As long as I can remember, I have always been surrounded by technology and the endless urge to be connected with the world. This could be accredited to growing up in the 90’s and early 2000’s which has always been considered the era of ‘Digital Natives’ thus becoming the founders of the social media movement.
Like many millennials, I cannot picture life without being highly connected to technology and the daily need to social media ‘scroll’. Some may believe this is a horrible existence,‘an addiction causing a technological illness that society must immediately address’ causing the death of the generation. However, Boyd’s direct attention to adult condemnation of technology for millennials undesirable behaviours without the recognition of cultural, social and personal factors are ripe with my way of thinking. Captivation in this digital abundant lifestyle and culture offers access to information, communicating with friends and family that you may not see on a regular basis and keeping up to date with trending news and events. Thus, developing wisdom requires active learning, hence digital natives collect many technological skills through broad experimentation with social media and intrusiveness to web based sites.

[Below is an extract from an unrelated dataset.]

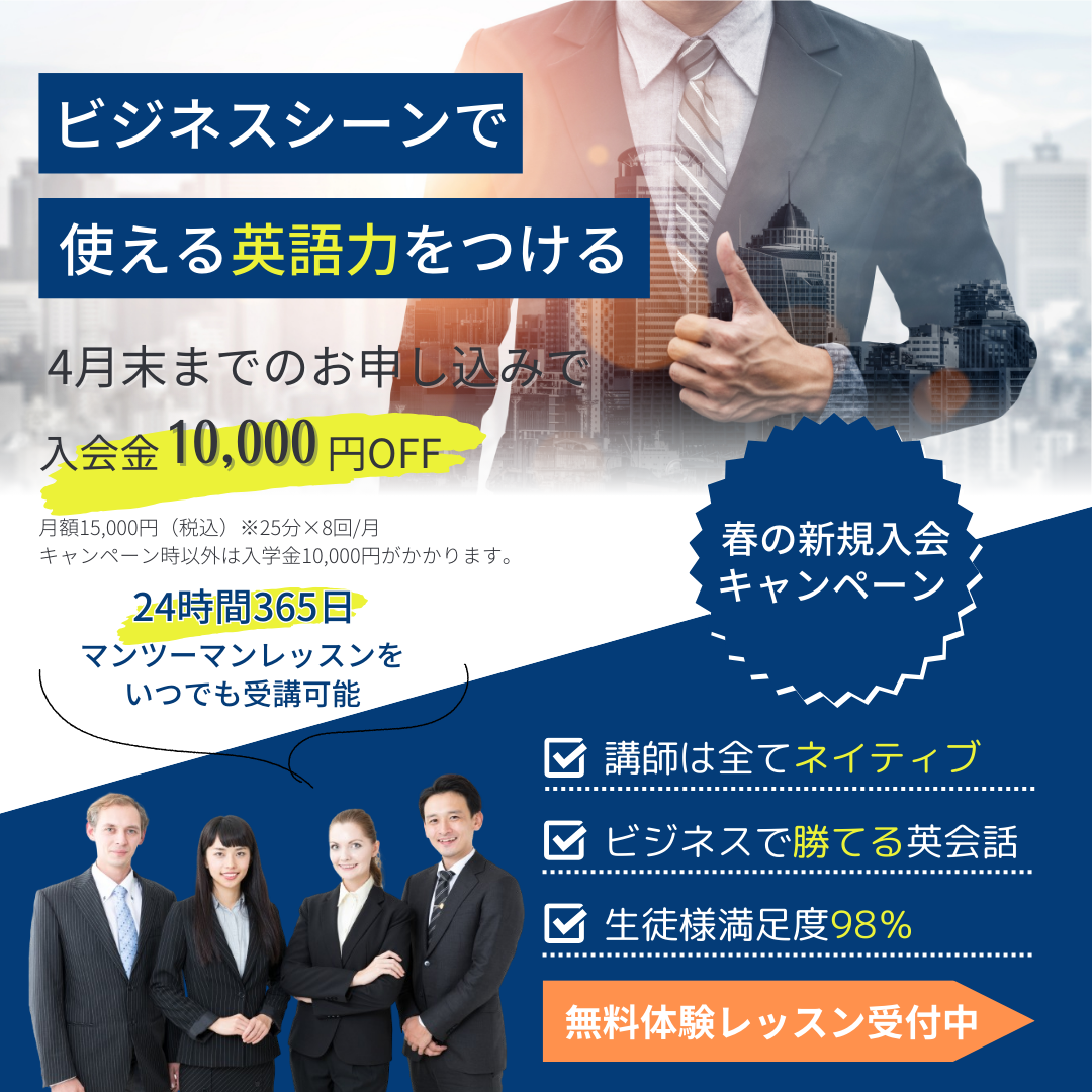 英会話スクールの新規入会キャンペーン ayumi9392 Webデザイナー OVERVIEW オンライン英会話スクールの入会誘導バナー 外資系企業に勤務されている30代後半〜40代の男性がターゲット。 英語でのミーティングや商談にもっと自信を持ちたいと考えており、仕事が忙しいため、いつでも好きな時間に受講できるようなスクールを探している方に向けて制作しました。

In my early adolescent years, given my fluency and comfort with technology, I stumbled across many blog posts and social media ‘gurus’ who gushed over destinations with amazing scenery. Those tropical beaches with pearly white sand and transparent blue water, to meeting orphans in third world countries and exploring the rich culture that these under developed countries have to offer was the first taste of ‘wanderlust’ which in turn, gave me a huge appetite to travel. In my short 22 years of existence, I have been blessed with being able to travel to over 15 different countries and I can unquestionably hold technology platforms responsible for my love to travel.
I am excited to see the evolving trends of technology and social media that will be presented to us over many years to come and how we as ‘Digital Natives’ emerge with these changes as we mature with age.